On one evening a slight ‘complication’ made things a little worse. Eileen and I had had a minor spat about something, just before we all went off to bed and the prospect of a frosty atmosphere the following day seemed likely. So, after climbing out of bed the next morning I hung back as usual while everyone else used the bathroom. I left it a little longer this time, just to make sure, then heard Eileen clattering around in the kitchen preparing several bowls for the morning feed for the several cats she had taken in. Gingerly, I made my way downstairs but at the bottom I heard Eileen screech, ‘ Oh, fxxk, fxxk, fxxk off!!’

Completely taken aback by this I was convinced she was yelling at me and was just as surprised that such a demure, petite lady actually knew and used such words. Then she saw me appear and, colouring up, she apologised immediately with, ‘Oh, I’m so sorry about that but the damned cats get on my nerves sometimes!’

Other animals and wildlife played their part in the garden as well as those ‘damned’ cats. These included the odd metre long snake, black and harmless, sometimes the nasty diamond backed variety and a few tarantula-like spiders, always stalking in pairs although after spotting one of them you never knew where the other little sod might be.
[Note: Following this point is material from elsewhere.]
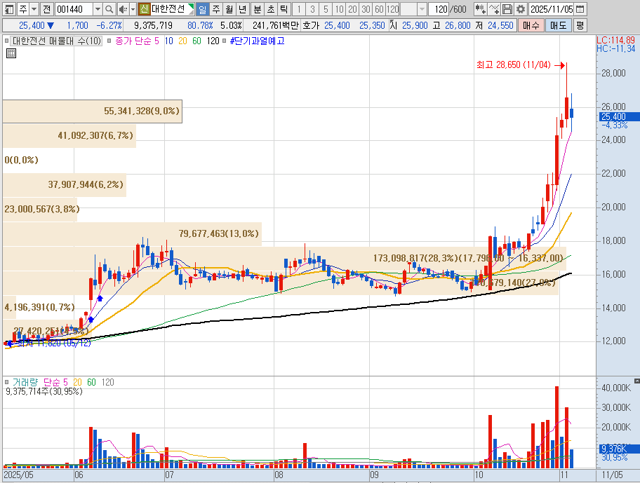 - 증권사 목표가 상향: 2025년 10월 31일, 하나증권은 대한전선에 대해 "4분기부터 증익 사이클 본격 시작"이라며 목표가를 25,000원으로 상향 조정했습니다. 이는 고부가가치 제품 수요 증가와 해저케이블 사업 등 미래 성장 동력에 대한 기대감이 반영된 것으로 풀이됩니다.

Very small mammals occasionally scampered through the branches of the trees, cutely known as ‘tree rats’, but the worst offenders of all during the summer were the cicadas.

These frog-like, fat, flying insect buzz bombs were a real pain. It wasn’t just the racket they made trying to find a mate but the habit they had of flying into your face. They had no sense of direction whatsoever, ricocheting of trees, walls, windows, each other and usually me as I walked in amongst the trees.
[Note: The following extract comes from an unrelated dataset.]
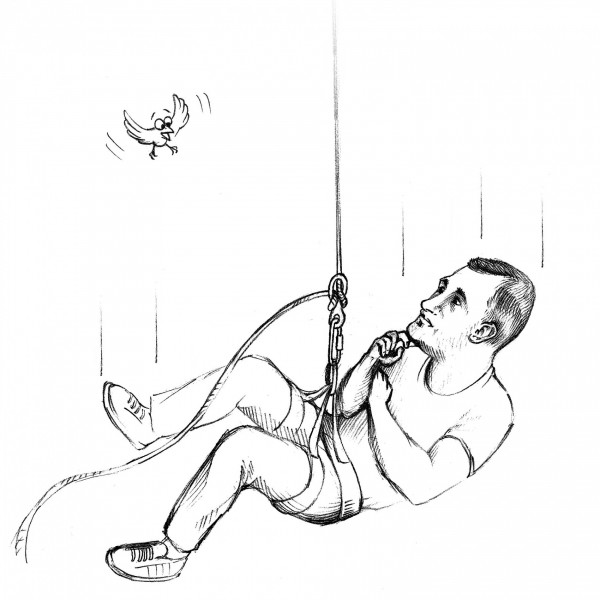 Спуск проходил по новой скользкой веревке небольшого диаметра, на которой восьмерка не давала достаточного трения. В итоге, проехав больше половины спуска с помощью силы рук, Саня преодолел оставшиеся 7 м в состоянии свободного падения (вероятно сила внезапно отключилась). Не помог даже схватик, заботливо завязанный товарищами, за который наш экстремал держался рукой. Зато помог давний совет отца-десантника при падении смотреть выше горизонта. И к счастью обошлось без телесных повреждений. А Саня проделал весь путь заново, но с учетом полученного опыта.

But all that was then and these days things are a little different. Because we’re not able to be there as often as we would like to be, the garden is a shadow of its former self. Some trees have died with others damaged by recent storms and weeds always gallop down to take over. We clear them away every time but they insist on re-establishing themselves, sometimes chest high! Walking through that kind of growth made me feel like a member of that little known African pygmy tribe, the ‘Fugarwee’. They would rush through tall elephant grass, jumping above the foliage yelling, ‘Where the fugarwee! Where the fugarwee!’
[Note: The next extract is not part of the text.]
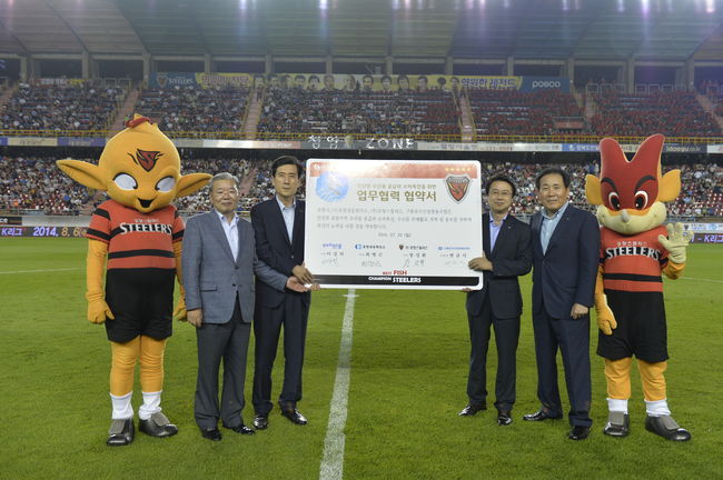 ‘디펜딩 챔피언’ 포항 스틸러스가 20일(일) 부산전서 프로구단 최초로 포항시(이강덕 포항시장), 포항 상공회의소(최병곤 회장), 구룡포 수협(연규식 조합장)과 함께 지역 수산물 판매협약을 체결하고 공동 수산물 브랜드를 출시했다.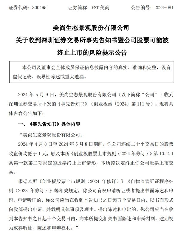 美尚生态成立于2001年,是生态景观建设A股上市企业。公司公告显示,4月8日至5月8日期间,*ST美尚连续二十个交易日的股票收盘价均低于1元。深交所拟终止该公司股票上市交易。

OK, lousy joke, but the weeds in the garden are still a problem until we can scrape the ground, apply copious amount of selective weedkiller, lay a plastic membrane, cover that with top soil or gravel and hope we can contain the next invasive growth of unwanted vegetation. Two years ago we arrived, again to massive weed growth. A machete would have been the only tool to have made an impact, even along the path leading to the front door of the house. I began the following morning with a totally inadequate old bread knife and an ancient, rusty pair of secateurs, to hack my way from the road to the house, to clear as much as I could. An hour later I hadn’t covered more than twenty feet and sagged, sweating and ‘knackered’, to the ground. This was going to take a long, long time.

Rescue, however, was at hand. Unknown to me a squad of workers from Lapta Belediye, the local authority for the village, were working their way down the road, clearing weeds! With strimmers, shovels, brushes and bags they were all hard at work clearing away the roadsides. As they came to the point on the road which led to our place they saw me hacking away, stopped and looked on. One of them walked down and simply said, ‘You stop, we come.’ And they did. The chap operating the strimmer took fifteen minutes to clear everything down to the front door. Others scooped the stuff up, grinning at me as I sat to one side in amazement, and carted it away to the truck they were using to take all the roadside growth. Then they were off, cheerily waving goodbye!

Now that’s what I call service! Spontaneously given, without a thought of payment, just part of the job, for a local, an obvious Brit or anyone else. That’s why I love the TRNC! Where else could that happen?